TomWildenhain-Microsoft commented 3 years ago

Great. Launch the app in debug mode: https://code.visualstudio.com/docs/python/tutorial-flask#_run-the-app-in-the-debugger

Drop a breakpoint after model creation. Use the debug console to explore the model's attributes... sorry it's a bit tricky.

hanzigs commented 3 years ago

yeah here is the screen shot, what to be checked there image

hanzigs commented 3 years ago

do I need to step into from_keras() and go to this function def _get_hash_table_info_from_trackable(trackable, table_names, key_dtypes, value_dtypes, ?

TomWildenhain-Microsoft commented 3 years ago

One moment, I'm checking something.

TomWildenhain-Microsoft commented 3 years ago

In the model, you want to find the table's resource handle and dtype.

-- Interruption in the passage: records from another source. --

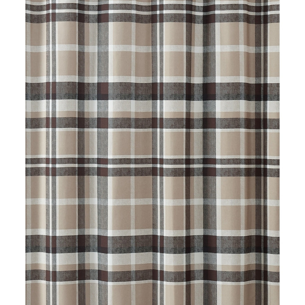 Complete the look of your bathroom with this stylish Brigadoon shower curtain from Porch & Den. The curtain is crafted from brushed microfiber, and features a brown, khaki, and ecru plaid pattern. The soft shower curtain is machine washable for easy care.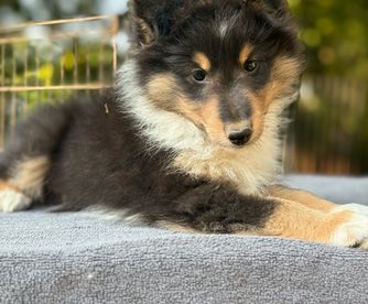 Shetland Sheepdog puppies include black and white, sable and white, blue merle and white, and black white and tan. Colors will vary depending on the parent dogs.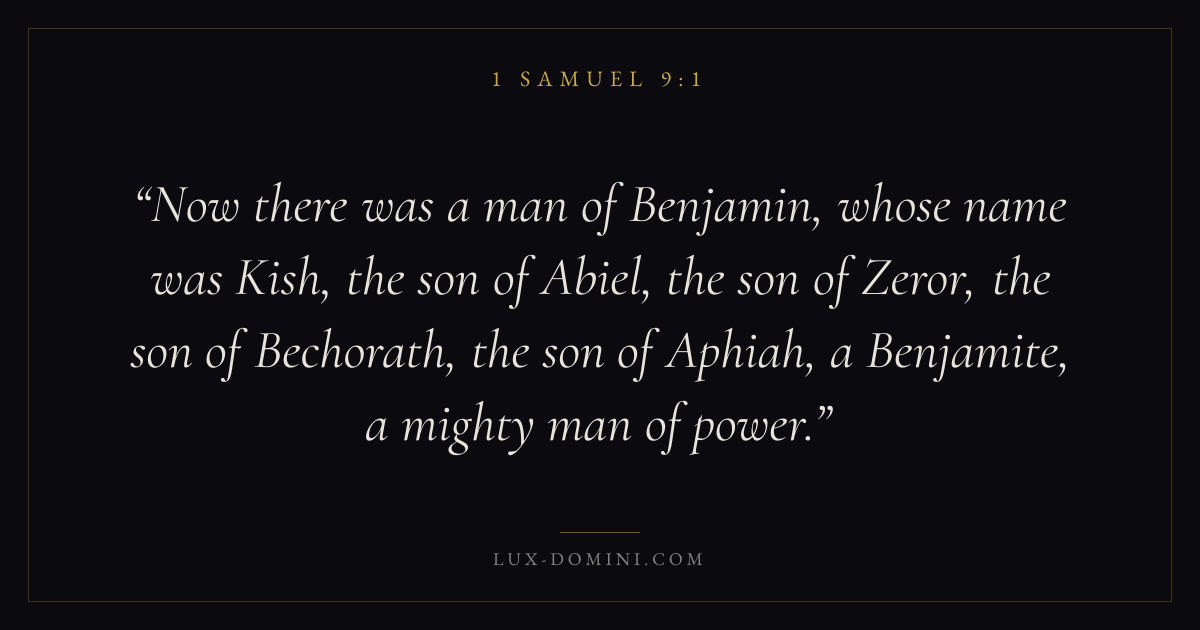 Now there was a man of Benjamin, whose name was Kish, the son of Abiel, the son of Zeror, the son of Bechorath, the son of Aphiah, a Benjamite, a mighty man of power.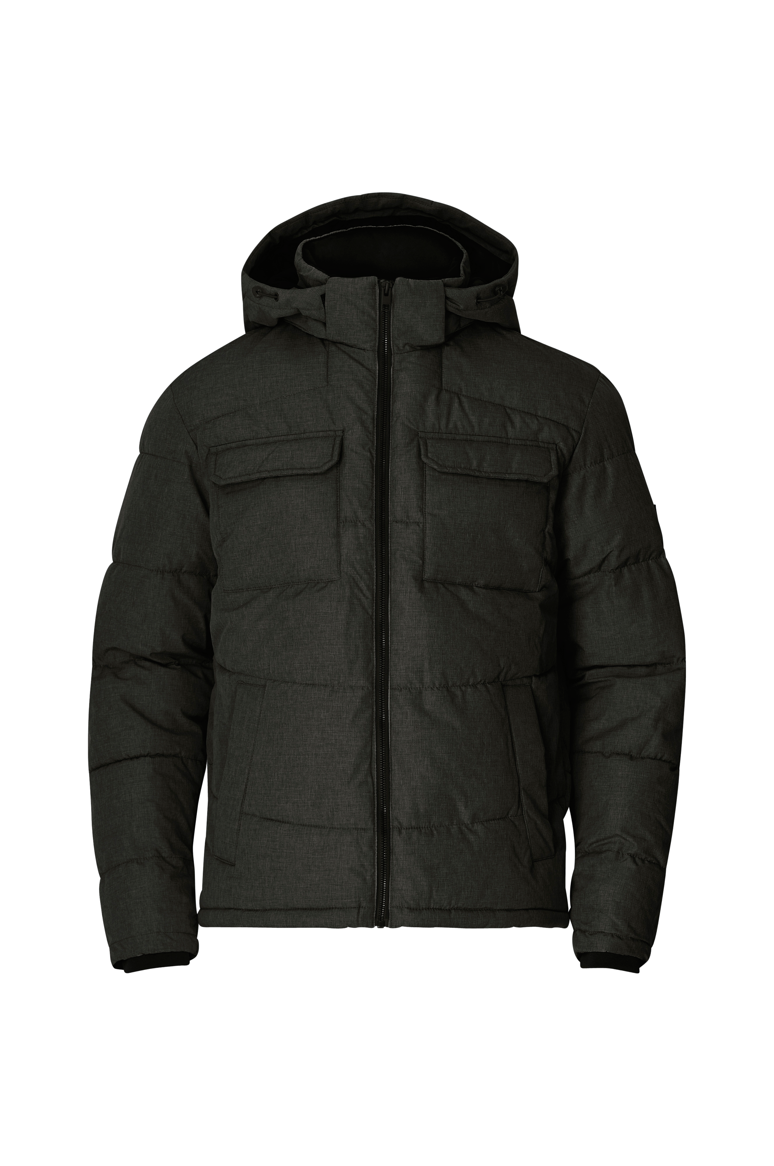 • Quiltad, vadderad jacka• Avtagbar, justerbar huva• Hög krage med borstad trikå på insidan• Två fickor med tryckknappsstängning• Två bröstfickor med tryckknappsstängning• En innerficka• Ribbmuddar i ärmsluten

The resource handle is key, since it lets you request the lookup table's contents from tensorflow. For mine, it is stored on the lookup table layer:

image

Going a few layers deep, I find: image

You really shouldn't have to find it manually since we do a pretty comprehensive search, but autokeras must put it somewhere we don't expect.

TomWildenhain-Microsoft commented 3 years ago

If you find it, we can update our search to find it automatically for you based on the attributes it end up on.